Skip the pictures. Transcribe exactly the lines from the line containing "カリカリ鶏皮 on the みずみずしい大根おろし with ポン酢" to the end of the listing.

→ **AVAILABLE DATA**:
• • • • • • •

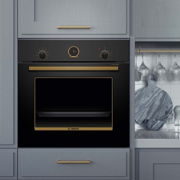 Лучшие цены. Электрический духовой шкаф Bosch NeoKlassik Serie 6 HBJN10YB0R – элегантное решение для классического интерьера. На чёрном матовом фасаде эффектно выделяется фурнитура цвета латуни, ноты ретро привносят круглые аналоговые часы-таймер. У прибора семь режимов работы: различные комбинации верхнего и нижнего нагрева, гриля и конвекции, отвечающей за равномерное распределение горячего воздуха. Вы сможете готовить несколько блюд одновременно: на нижних и на верхних уровнях условия будут одинаковыми. Магазины в вашем городе.
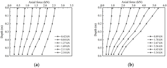 The axial force and skin friction resistance of the circular and screw-groove piles were evaluated as follows:
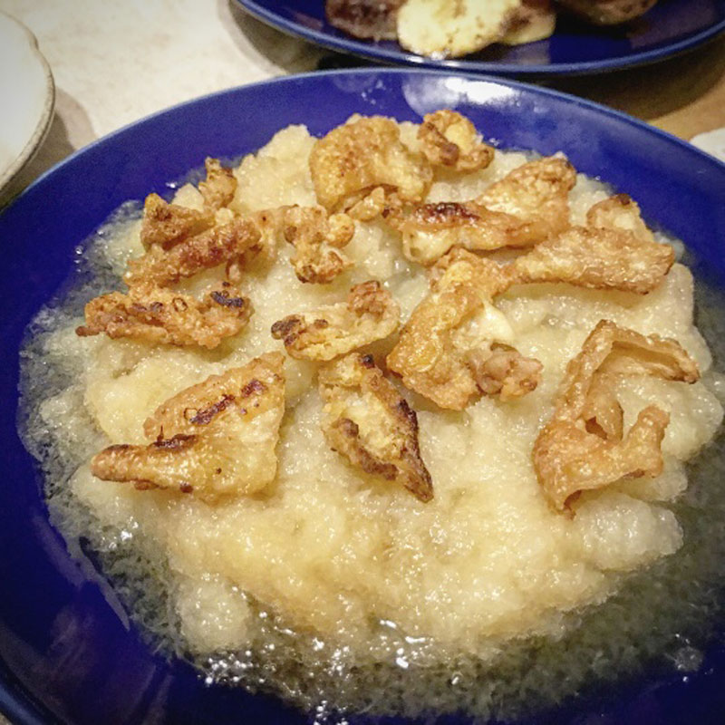 カリカリ鶏皮 on the みずみずしい大根おろし with ポン酢
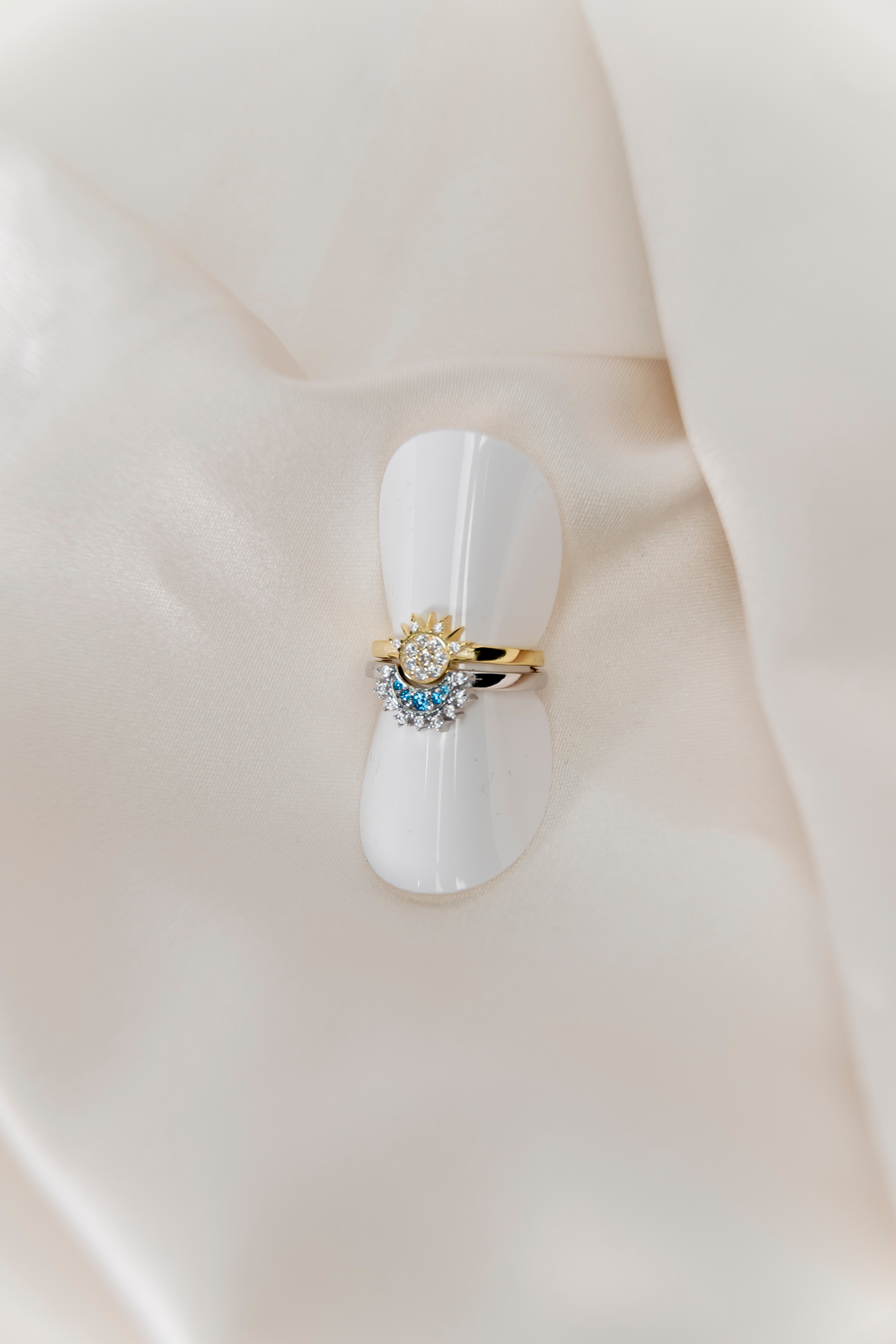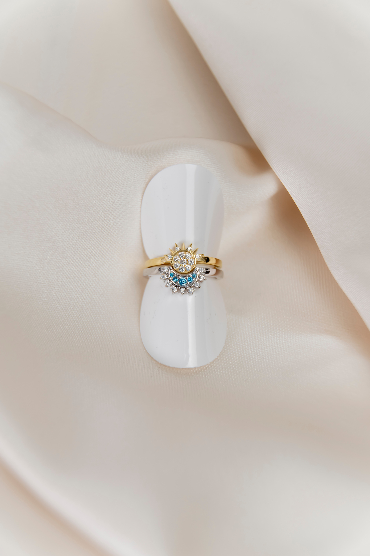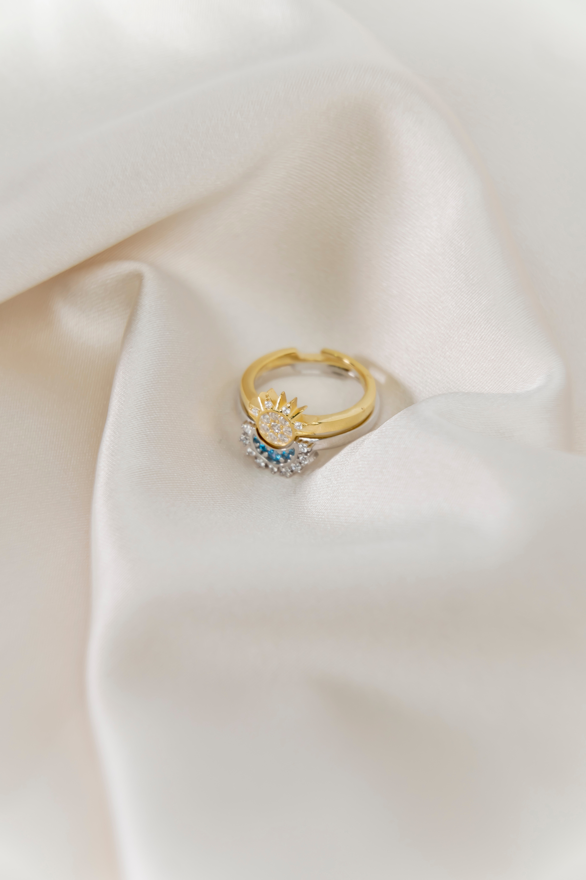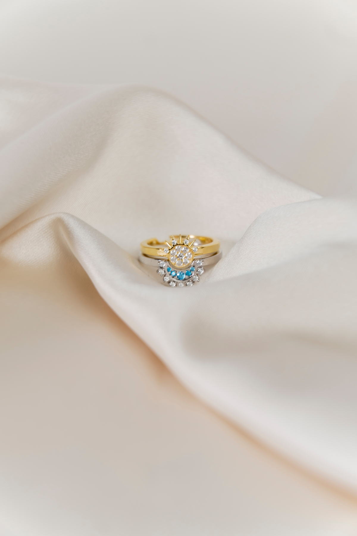 Zirkon Taşlı 925 Ayar Gümüş Yüzük, Güneş ve Ay detaylı Gümüş Yüzük, Gold Kaplama

• • • • • • •

→ **TASK RESULT**:
 カリカリ鶏皮 on the みずみずしい大根おろし with ポン酢
 Zirkon Taşlı 925 Ayar Gümüş Yüzük, Güneş ve Ay detaylı Gümüş Yüzük, Gold Kaplama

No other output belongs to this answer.